- Born: Rome
- Died: Rome
- Spouse(s): Publius Crassus or the younger Crassus brother Marcus Licinius Crassus
- Children: Marcus Licinius Crassus Publius Licinius Crassus

= Tertulla (wife of Crassus) =

1st century BC Roman noblewoman and wife of Marcus Licinius Crassus

Tertulla was the wife of Marcus Licinius Crassus, "the richest man in Rome", and the mother of his two sons.

==Biography==
Tertulla had had a presumably childless marriage to one of Marcus Crassus' brothers before being widowed and subsequently married to him (either his elder brother Publius who died around 88 BC or his younger brother who died some time between 87 and 86 BC). This was highly unusual at the time in Rome but reflected well on her husband as it was considered dutiful and selfless. She and Crassus had two sons together, Marcus Licinius Crassus and Publius Licinius Crassus. Their marriage seems to have been a happy one despite her being a mistress of Julius Caesar. Crassus seems to have either not minded the affair or supported it as it may have helped his political position. He stayed faithful to her during their relationship. She may have also had other lovers outside of Caesar, as she had a reputation for infidelity. There were frequent jokes in Rome that one of her and Crassus' sons looked like a man by the name Axius from Reate.

==Research==
What family she came from is unknown, as the name Tertulla is a nickname for Tertia, the cognomen for a third daughter in Roman culture.

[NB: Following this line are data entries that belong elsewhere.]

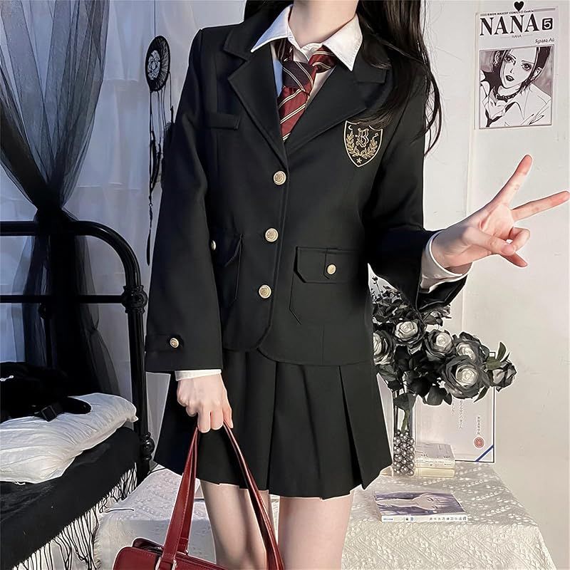QOOLY ブレザー 黒 女子高生 コスプレ 制服 4点セット プリーツスカート ネクタイ シャツ 学生服 女の子 高校生 コスチューム 仮装 フォーマルスーツ 女子制服 卒業式 入学式 XL 0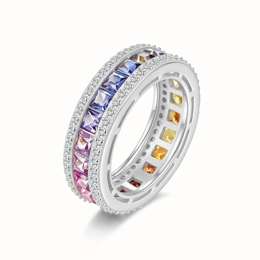 Multi-Color Moissanite Eternity Ring, 3*3MM D-Color Gemstone S925 Silver 18K Gold Plated, 5A Zircon Women Fashion Engagement Sta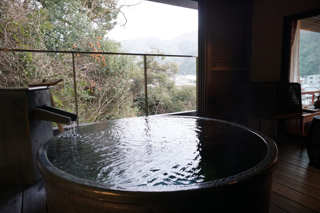 デッキテラスに設えた専用露天風呂では、源泉100%のかけ流し温泉(加温・加水あり)を、個室客室ならではのプライベートな空間で24時間楽しむことができます。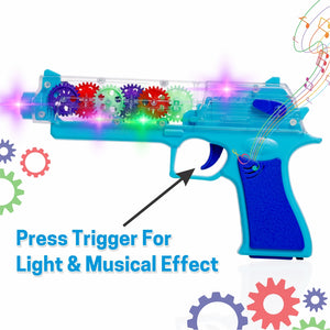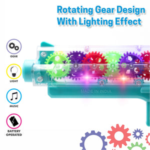 Chanak Transparent Gear Toy-Gun for Kids – Musical Gear Toy with Lights & Vibration (Blue)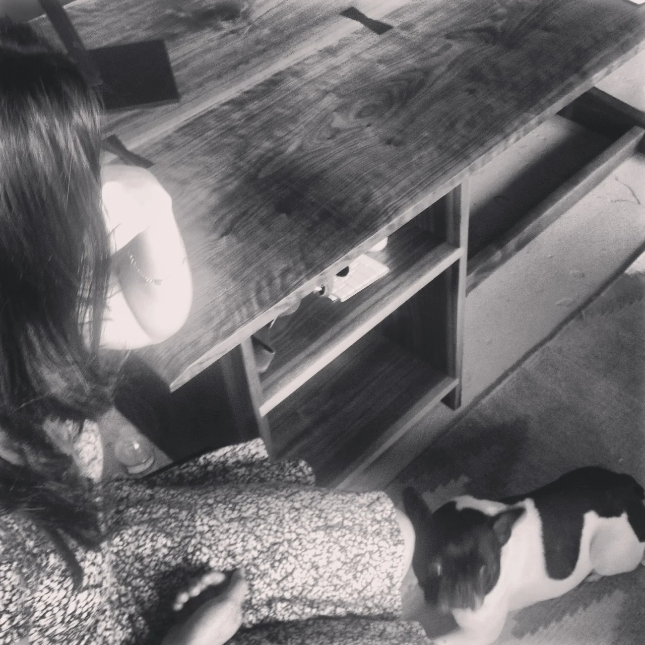 Entirely hand sawn and chiseled, the Tilted Desk features interlocking joinery that allows it to disassemble and reassemble without tools. Solid black walnut is used throughout the piece, with a book matched tabletop joined by Macassar Ebony butterfly keys. Debuted at UniqueLA July 13+14 at the Santa Monica Barker Hangar.

There has been speculation that this Tertulla may be the same as Junia Tertia, but this is highly unlikely to be the case since their ages and marriages seem to be incompatible, as well as the fact that Tertulla was a common nickname in Rome.

==Cultural depictions==
Tertulla appears as a character in Colleen McCullough's Masters of Rome series, in her novels Tertulla is depicted as being the widow of both of Crassus's brothers, and her son Publius the Younger is actually an earlier child from her marriage to Publius the Elder and not Marcus Crassus. In McCullough's works she is depicted as being from the gens Axia but chooses to go by "Tertulla" because she was married to three brothers, and because it sounds more Latin. She plays a part in the David Anthony Durham novel The Risen: A Novel of Spartacus. She also appears in the novels Respublica: A Novel of Cicero's Roman Republic by Richard Braccia, Spartacus: Rebellion by Ben Kane where she is nicknamed "Tulla" and in The Business Affairs of Mr Julius Caesar by Bertolt Brecht. In the novel Catilinas sammansvärjning by Göran Hägg she appears (here by the name "Tertullia") in a smaller role, but her marriage to Crassus is rumoured to feature a consensual cuckolding practice with Caesar, where Crassus is fine with the affair as long as he gets to watch, although Crassus is depicted as hurt and sad when hearing of these rumours.

A fictionalized version of Tertulla appears in the television show Spartacus.